## WHAT YOU WILL DO
In the data below, the answer is the run of lines from the line containing "LED Leinwandbild Canvalight®" through the line containing "描述-摘要 | 清和交夏後。佳木綠含煙。大地霑時雨。同舟濟巨川。從容人自袒。峻直日中天。香滿薰風裏。花開九貢蓮。 |", both included; print it exactly and nothing else.

====== GIVEN RECORDS

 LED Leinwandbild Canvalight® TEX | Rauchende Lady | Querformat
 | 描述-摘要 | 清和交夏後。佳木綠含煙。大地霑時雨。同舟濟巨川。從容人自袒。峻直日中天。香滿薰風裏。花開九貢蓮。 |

============
====== GIVEN RECORDS

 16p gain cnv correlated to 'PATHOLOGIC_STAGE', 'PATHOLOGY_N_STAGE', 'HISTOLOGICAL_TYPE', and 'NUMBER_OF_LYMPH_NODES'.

============

## SOLUTION BELOW
 LED Leinwandbild Canvalight® TEX | Rauchende Lady | Querformat
 | 描述-摘要 | 清和交夏後。佳木綠含煙。大地霑時雨。同舟濟巨川。從容人自袒。峻直日中天。香滿薰風裏。花開九貢蓮。 |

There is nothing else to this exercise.